A recent episode of Matt Levine’s podcast (Money Stuff) covered this: apparently investment bankers spend a huge amount of time preparing pitch decks for companies that don’t want them. Apparently Claude is quite good at making a pitch deck that no one but your boss wants or cares about.

I feel like there’s a metaphor in there... maybe I’ll ask Claude about it.

Much like a lot of internal daily status report stuff: The BS generator is actually a great fit when the task is making BS output nobody used or deeply cared-about in the first place.

> Much like a lot of internal daily status report stuff

Everyone wants in on my daily excel auto generated reports - nobody ever opens them. Just being on the list makes you someone.

Reads different to me. Some examples to go run with and build your own. Covers cases from the investment side and then the obvious ones in an accounting perspective. It would be highly surprising that any of these would be use in production without modification. I am sure it will happen but the intent to me is to take this and run with your own process.

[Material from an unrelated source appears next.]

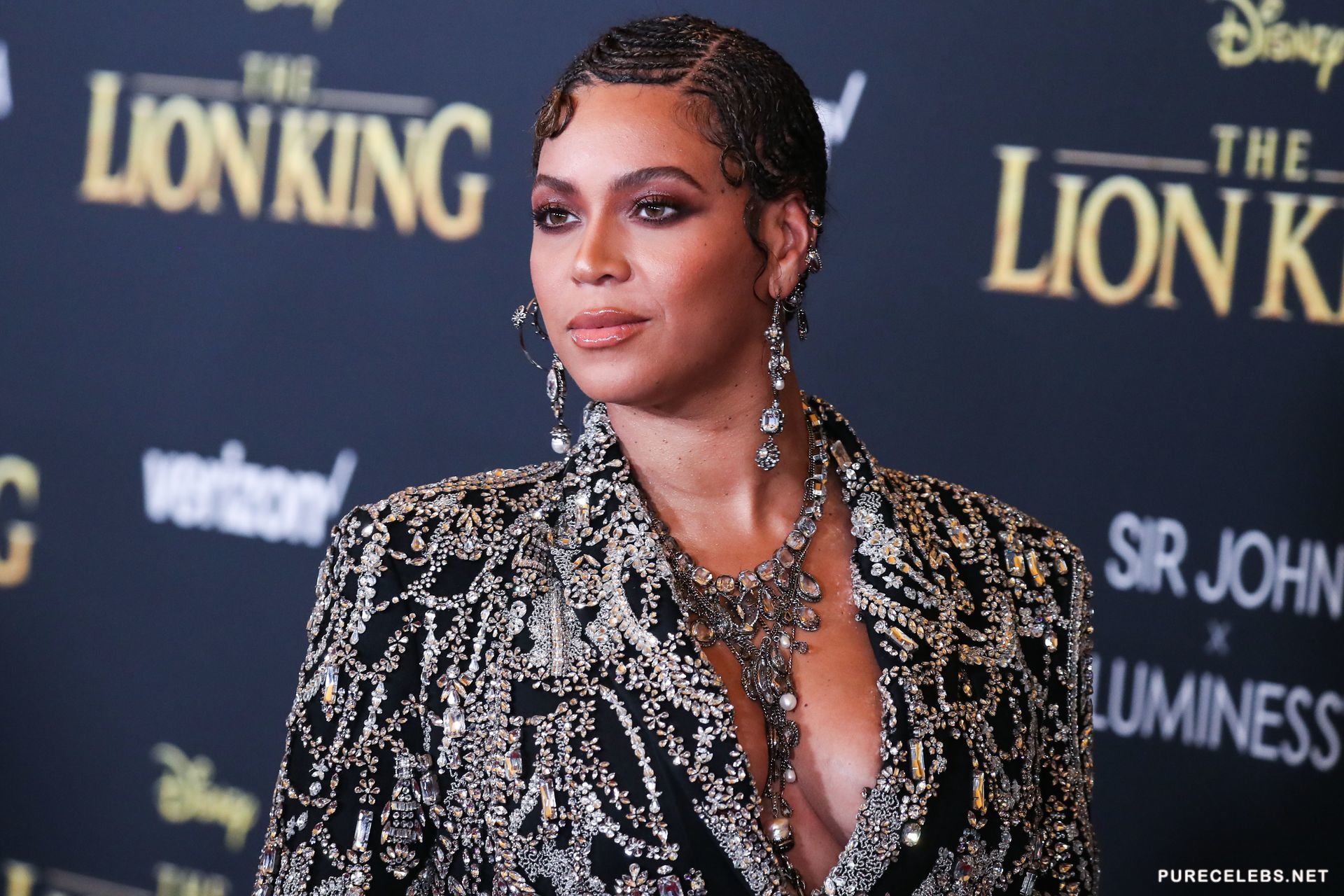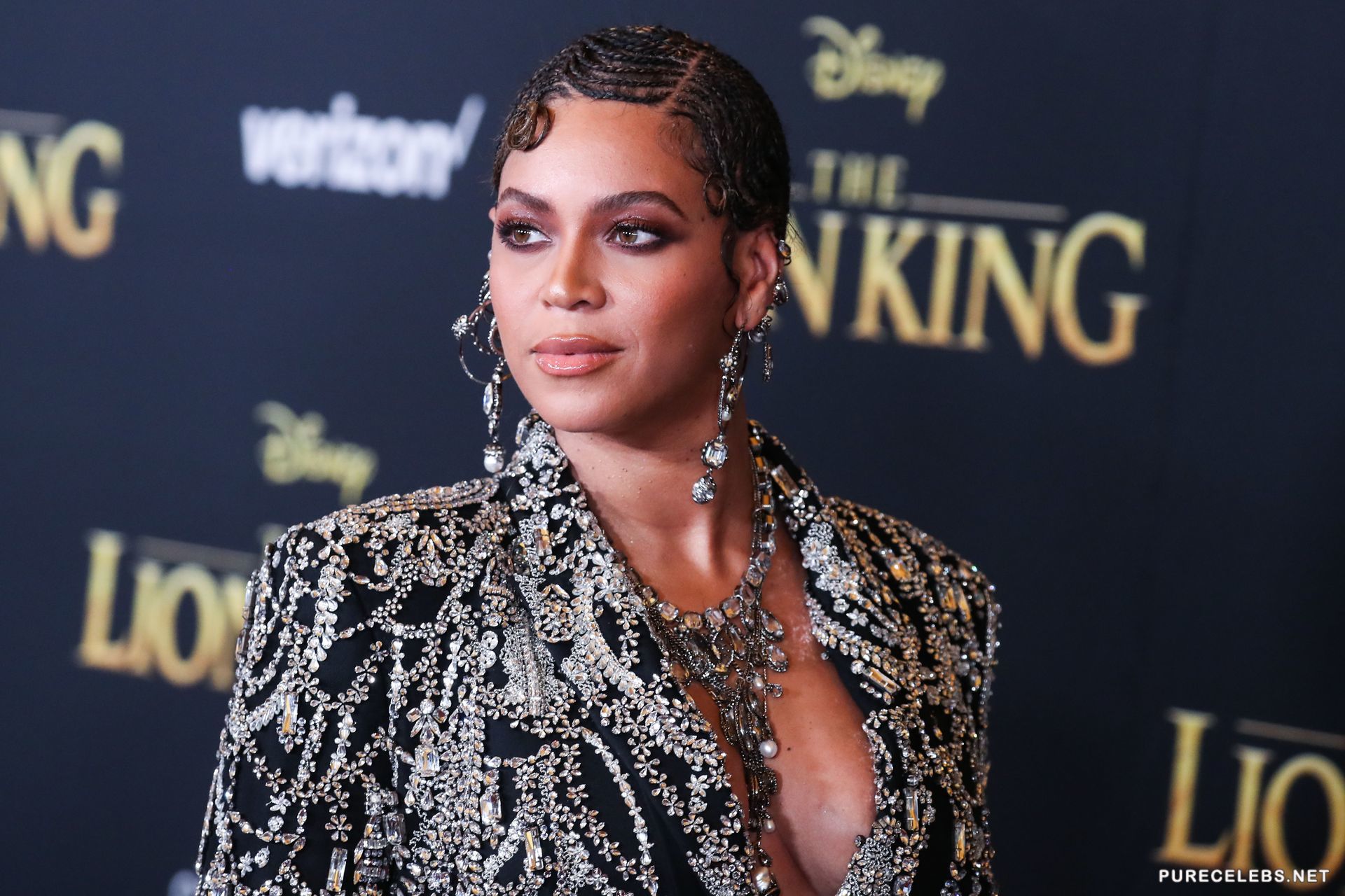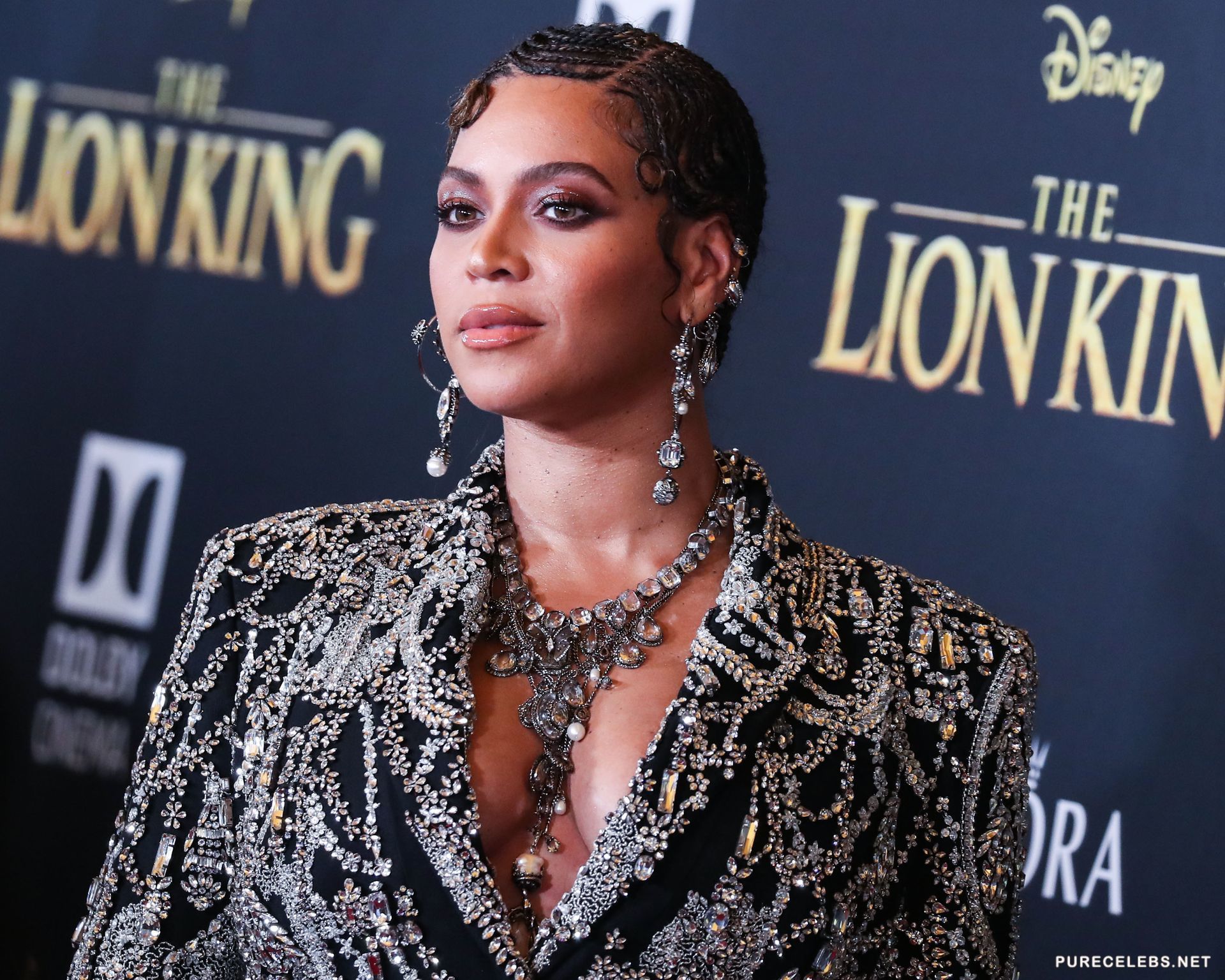 Not so long ago, the American singer Beyonce arrived at an event, in a very extravagant outfit. Hot beauty made herself an unusual hairstyle from a multitude of small braids and bright make-up. The star was wearing a black jacket, embroidered with rhinestones, which demonstrated her great cleavage. In some photos, you can even see the areola of her nipple, which slipped out of the deep neckline of the jacket.

I find all of these .md files released by the labs to be ai generated slop. The only exception being maybe the /simplify command

"Claude, build me 50 skills an Account Analyst would find useful, then run them through the agent at maxxxx thinking and ship the top 10 of them"

My money's on that.

It still surprises me how effective the /simplify skill is.

I’ve also had some great results with a /reflect skill that asks the agent to look at the work in the broader context of the project. But those are the only two skills I use regularly that aren’t specific to our company, codebase, or tools.

No surprise there. Of course the skill files are not human written.

The AI is an expert in both following and generating prompts.

Why do you think it is an expert in generating prompts? It has no additional insight into how it works internally than anyone else

Do you really think a random person off the street knows more about how LLMs work internally than the latest frontier model (that has been trained on that material)?

No, but a random person off the street also isn't making skills for LLMs.

I think that LLMs are trained on the millions of vibe written LLM blog posts that are more superstition than fact. There is a lot of snake oil out there that is treated as fact. If someone claims that an LLM is better than humans at something I always want to see the rigorous evaluations that have been done to quantify it, not "but they're trained on everything!"